Young adult patients show higher mean methylation of GNG7 promoter region than older patients. “+” – mean methylation

Discussion

In this study we immunohistochemically stained 188 tumors from head and neck cancer derived from larynx and floor of the mouth for the GNG7 protein. Overall, we identified loss of GNG7 expression in 68/188 cases (36%) and showed that it is a recurrent event in head and neck cancer. Moreover, in an independent cohort of laryngeal tumor samples we detected recurrent hypermethylation of the GNG7 promoter region in 42/98 (43%) primary tumors. It is noteworthy that in a cohort of laryngeal cancer cell lines and 15 primary samples the downregulation of GNG7 gene expression significantly correlates with hypermethylation (p < 0.001). This suggests that at least for a subset of cases hypermethylation is the mechanism behind the observed loss of GNG7 expression. This is further stressed by the fact that no mutations in the coding exons of GNG7 were identified in a mutation screen in ten laryngeal cancer cell lines (data not shown).

In contrast to the recent findings of Ohta et al. concerning esophageal cancer, we did not observe correlation neither of GNG7 protein expression with overall survival nor for GNG7 methylation with overall survival of the patients diagnosed with head and neck cancer (Ohta et al. 2008). However, since no data on the treatment of the patients were available the discrepancy might reflect different treatment modalities of the head and neck cancer patients as compared to esophageal cancer patients in the two studies.

Regarding the clinicopathologic parameters, we found a statistically significant correlation between loss of GNG7 protein expression and the size of the tumor. Large tumors (pT3/4) showed more frequent loss of expression. Likewise, Ohta et al. (2008) reported that loss of GNG7 expression correlates with the depth of tumor invasion and aggressiveness.

It is tempting to speculate that loss of GNG7 protein could be a marker for tumor progression as we detected also a highly significant correlation between GNG7 protein expression and keratinization. Keratinization is usually present in well differentiated tumors and lost during progression which could be a predictor of early recurrence as presented recently by Pinto et al. (2010). On the other hand, we observed no correlation between GNG7 protein expression and the grading parameter G.

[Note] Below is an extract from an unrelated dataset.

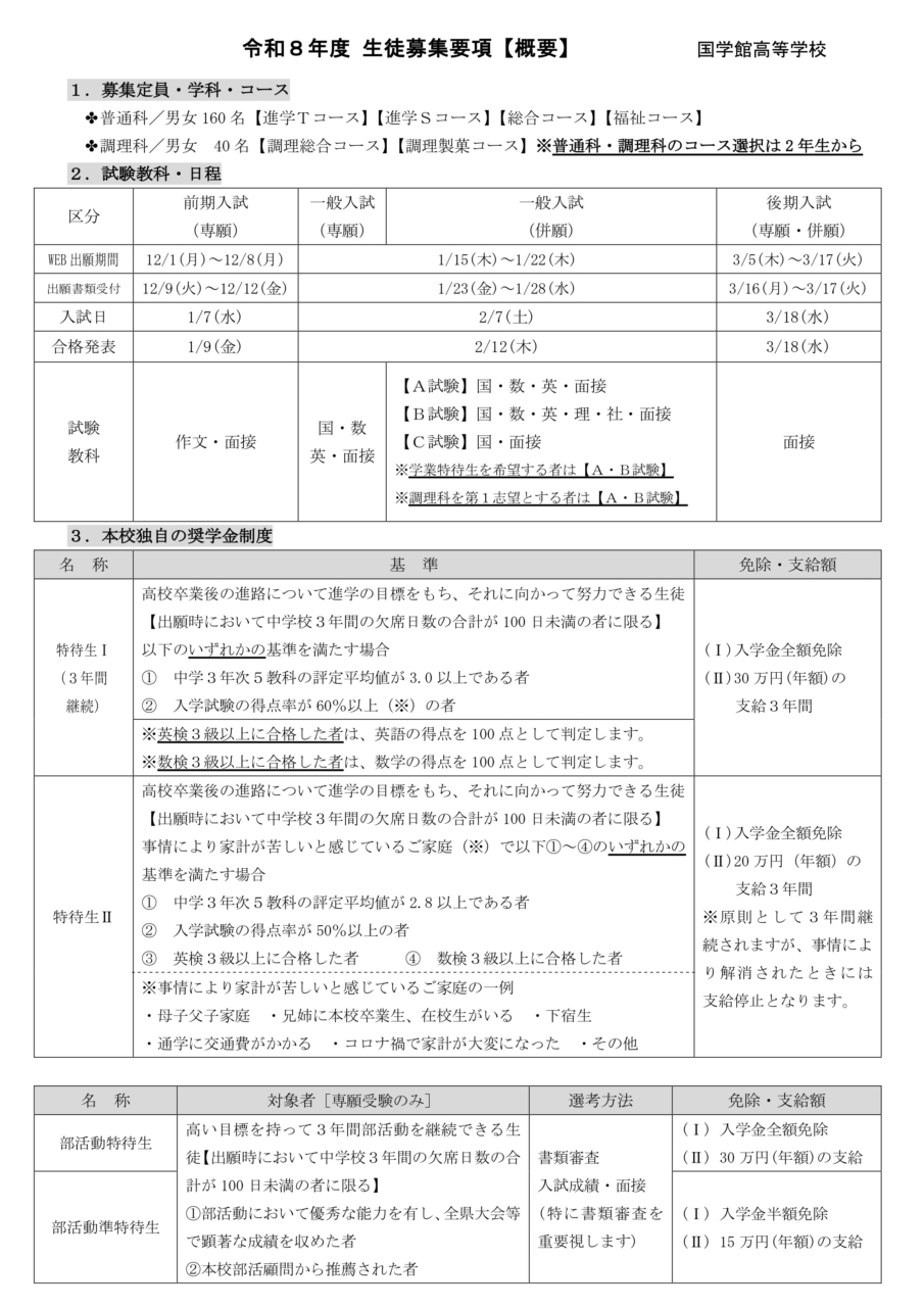 令和8年度生徒募集要項・学校案内について

Besides, we found a correlation between loss of GNG7 protein expression and the absence of cervical metastases. In parallel, we show that loss of GNG7 protein was associated with large tumors of pT3/4 stage. This is surprising, as in the investigated cohort the pT3/4 tumors show more frequently cervical metastases than the pT1/2 tumors. Thus, loss of GNG7 defines probably a subgroup of locally advanced tumors with low metastatic potential. One should of course note that a different mechanism might be responsible for local metastasis with no relation to GNG7.

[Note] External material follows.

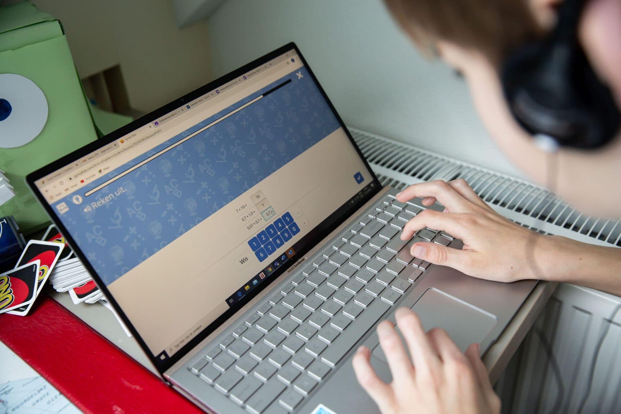 Docenten kunnen meekijken met de leerlingen, volgens de school via een meekijkmodule, maar volgens de vader via een webcam. Volgens de school gebeurt het meekijken alleen tijdens schooltijden, maar volgens de vader kan de school dat ook doen na de lessen.

Last, we show that GNG7 promoter methylation is significantly more frequent in young adult patients age ≤45 as compared to patients age >45 (p < 0.001). Interestingly, O'Regan et al. showed that promoter hypermethylation of the most frequently inactivated tumor suppressor gene in head and neck cancer namely CDKN2A is a more common event in patients younger than 40 years than in older patients where genomic deletion was more common (O'Regan et al. 2008). Taken together, this might suggest that epigenetic silencing of tumor suppressor genes is more prevalent in young patients and with age shifts toward genomic loss in line with the general observation that genomic instability increases with age.

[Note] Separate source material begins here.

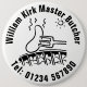 Butcher Shop button badge with your choice of company name and phone number. Illustration shows a sausage on a fork.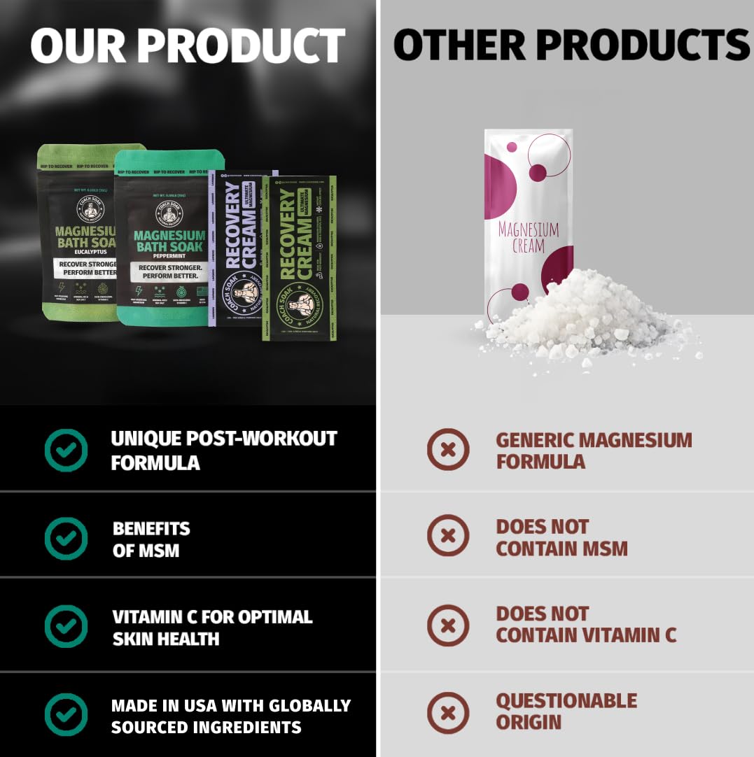 - Rejuvenating Coach Soak: Experience the invigorating benefits of Coach Soak's Magnesium Bath Flakes & Lotion Trial Pack, designed to support athletic recovery. Infused with magnesium flakes and menthol, it revitalizes and refreshes after intense workouts

In summary we show here that loss of GNG7 protein expression is a frequent event in head and neck cancer. Our results indicate moreover, that GNG7 protein expression is lost predominantly in advanced T stage tumors with low metastatic potential. Besides, we suggest epigenetic silencing as the mechanism of GNG7 gene inactivation which might be especially true for young adult patients.